To facilitate early diagnosis of melanoma on skin lesions, a convolutional neural network was developed, predicting the various different types of cancers on images. A DenseNet CNN model was used for the classification of melanomas, and a CrossEntropyLoss function was utilized. To improve accuracy, the data was augmented by resizing, flipping, and rotating the training images, as well as adjusted through the weights parameter. Overall, an accuracy of 82% on sample test images was achieved through the model that incorporated data augmentation and pre-training methods. For future testing, the model can be run on larger datasets and experimented with different architectures, such as ResNet. Other data augmentation methods can be implemented in the pursuit of achieving the highest accuracy attainable.

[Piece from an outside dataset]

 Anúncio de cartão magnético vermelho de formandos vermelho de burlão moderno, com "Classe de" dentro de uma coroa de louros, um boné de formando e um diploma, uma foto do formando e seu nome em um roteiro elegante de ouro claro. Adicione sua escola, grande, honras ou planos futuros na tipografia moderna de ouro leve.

As a revolutionary tool for doctors diagnosing pigmented skin lesions, this convolutional neural network can catch an early onset of skin cancer and give way to applications enhancing treatment.

References

“Skin Cancer Facts & Statistics.” The Skin Cancer Foundation, 4 Dec. 2020, www.skincancer.org/skin-cancer-information/skin-cancer-facts/.
Berrios-Colon, Eva. “Melanoma Review: Background and Treatment.” U.S. Pharmacist – The Leading Journal in Pharmacy, 23 Apr. 2012, www.uspharmacist.com/article/melanoma-review-background-and-treatment.
“What Is Melanoma Skin Cancer?: What Is Melanoma?” American Cancer Society, www.cancer.org/cancer/melanoma-skin-cancer/about/what-is-melanoma.html.
Phillips, Michael, et al. “Detection of Malignant Melanoma Using Artificial Intelligence: An Observational Study of Diagnostic Accuracy.” Dermatology Practical & Conceptual, Derm101.Com, 31 Dec. 2019, www.ncbi.nlm.nih.gov/pmc/articles/PMC6936633/.
Tschandl, Philipp, et al. “The HAM10000 Dataset, a Large Collection of Multi-Source Dermatoscopic Images of Common Pigmented Skin Lesions.” Nature News, Nature Publishing Group, 14 Aug. 2018, www.nature.com/articles/sdata2018161.
Brinker, Titus Josef, et al. “Skin Cancer Classification Using Convolutional Neural Networks: Systematic Review.” Journal of Medical Internet Research, JMIR Publications, 17 Oct. 2018, www.ncbi.nlm.nih.gov/pmc/articles/PMC6231861/.
Esteva, A., Kuprel, B., Novoa, R. et al. Dermatologist-level classification of skin cancer with deep neural networks. Nature 542, 115–118 (2017). https://doi.org/10.1038/nature21056
Huang, Gao, et al. “Densely Connected Convolutional Networks.” ArXiv.org, 28 Jan. 2018, arxiv.org/abs/1608.06993.